If we blind ourselves to the obvious, that perception is not proof of reality, that the most popular points of arrival are the least accurate portraits of a society, that the airport in Beijing—an orange starfish on a seabed of rubber and asphalt—may be habitable on the inside but inhospitable to life, liberty, and the pursuit of happiness on the outside; that Dubai may have the world’s tallest skyline, including a tower that spirals from the sand to the sky, that the city may overlook the Earth-shaped islands of The World without representing the outlook of freedom-loving peoples throughout the world; if we blind ourselves to repression in Asia or the Middle East, we risk believing America has no future.
The risk is acquiescence to the lights of material progress without the spiritual light of the world.
The risk is a shower of sparks without a sprinkling of purifying water, creating a world of newness—the world of now—without faith in the world to come.
The world of now is urgent but unimportant, which is why there’s a comment for every post, a controversy about every commenter, and an online war of all against all. Lost in the light is lightness itself, because the light is without love or meaning.
All light and hot rhetoric, the world of now would undo the ties that bind us to life. Gone would be the bonds of affection and the will to bind up the nation’s wounds. Gone would be the laws that constitute nationhood and predate the Constitution. Gone would be the immortal soul of the life of the nation.

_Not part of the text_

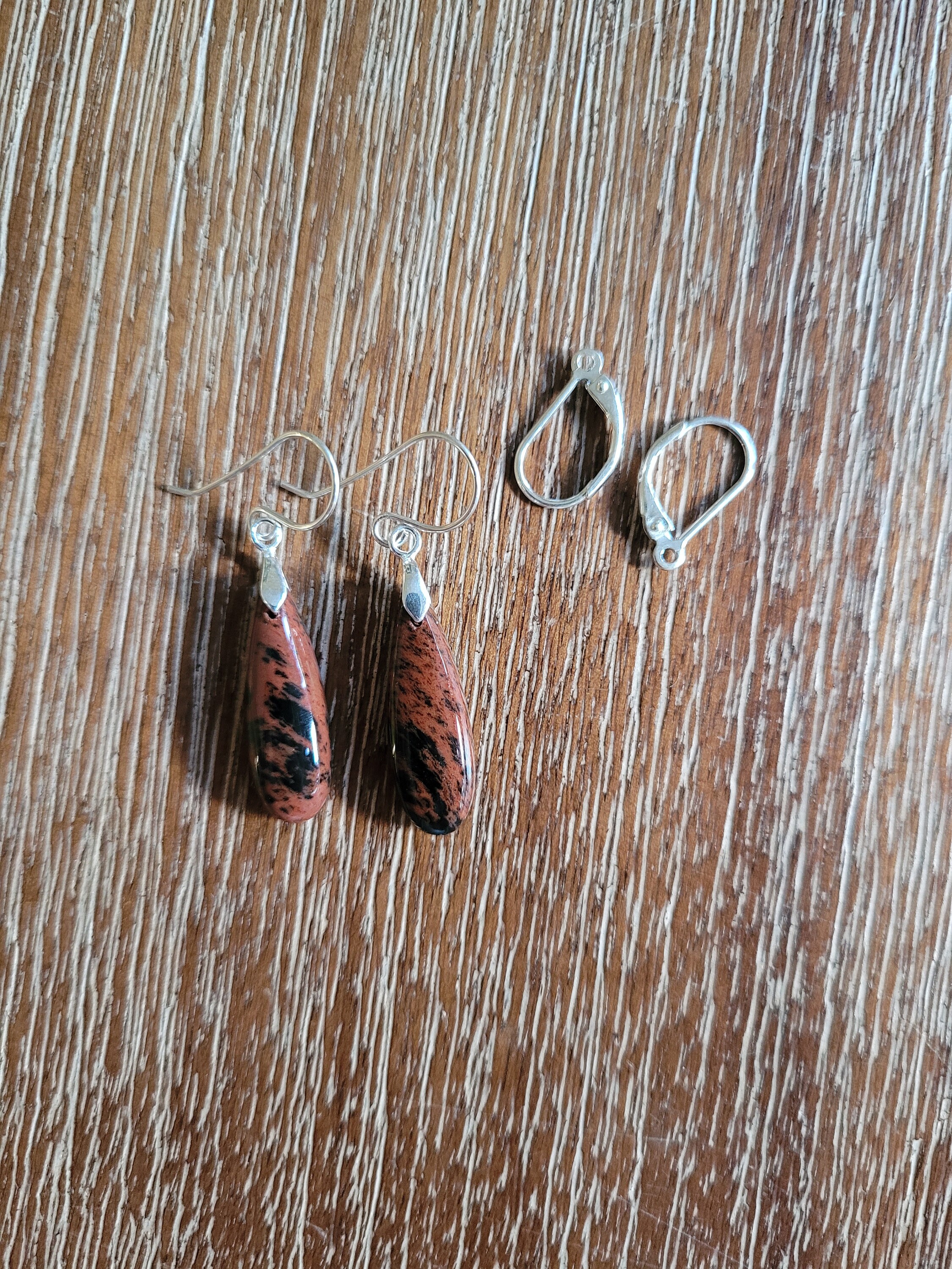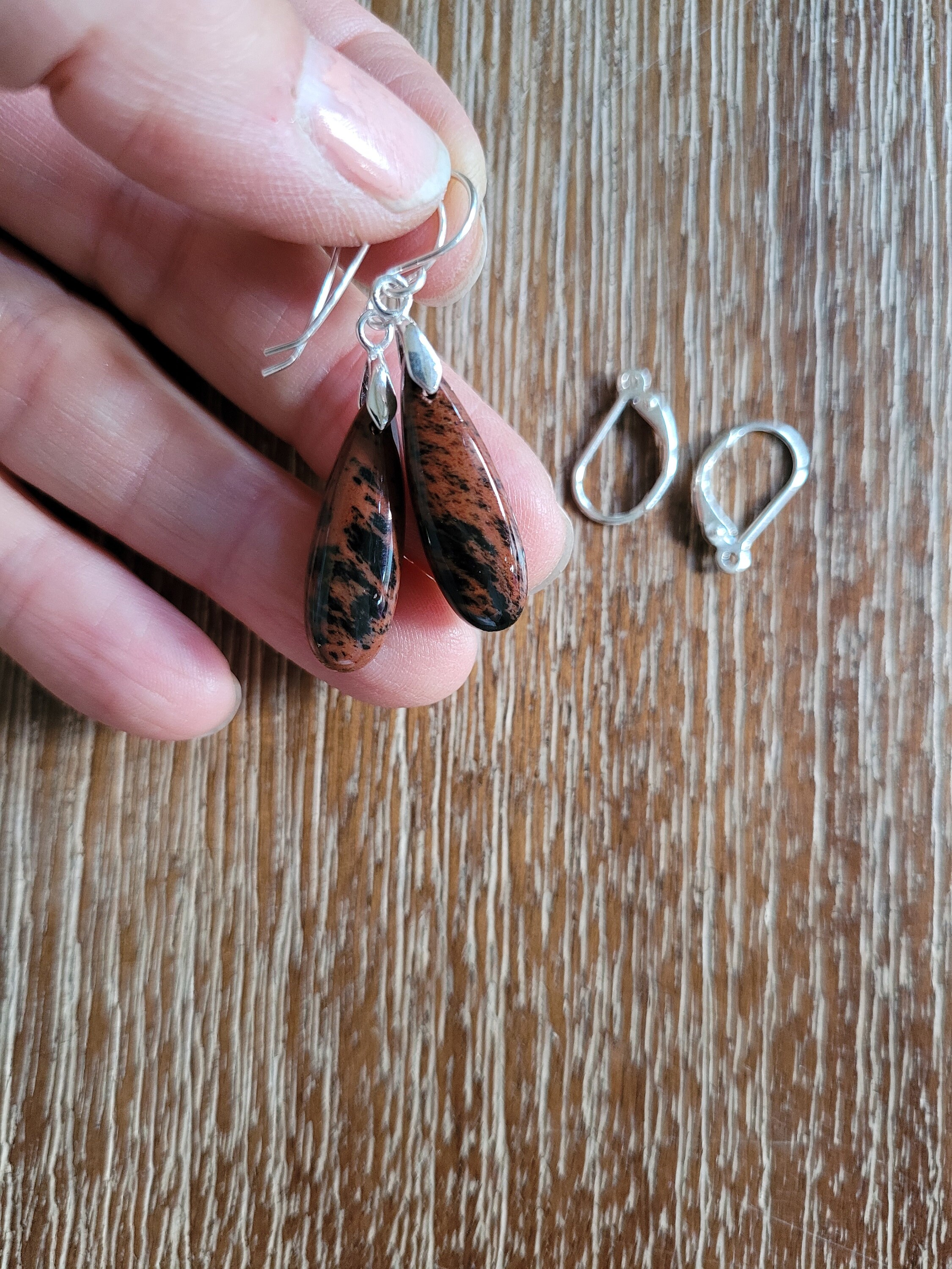 Beautiful mahogany obsidian earrings dangle approximately 1 inch from earlobe. Bold and sexy.

Without these connections, we have a network of nothingness. Nothing exists beyond or below images of this network, regardless of how many lines overlap in some 3D illustration of the globe. The lines connect to points, not people, because no model can graph the rallying point of “Duty, Honor, Country.”
In the end, lines of code don’t translate into a code of conduct. The lines that govern our online selves, the lines in a contract that require us to trade our privacy for the privilege of speech, to speak without exercising our “privilege,” are a perversion of the lines that stretch from the battlefield to the ballot box; a betrayal, too, of the people—the descendants of slaves and suffragists—who stand in line to vote.
The lines that threaten our rights are tantamount to a digital poll tax. We pay the tax with data, allowing billionaires to veto the rights of billions. We pay the tax with our birthright, sacrificing our natural rights in a burnt offering to the false gods of artificial light.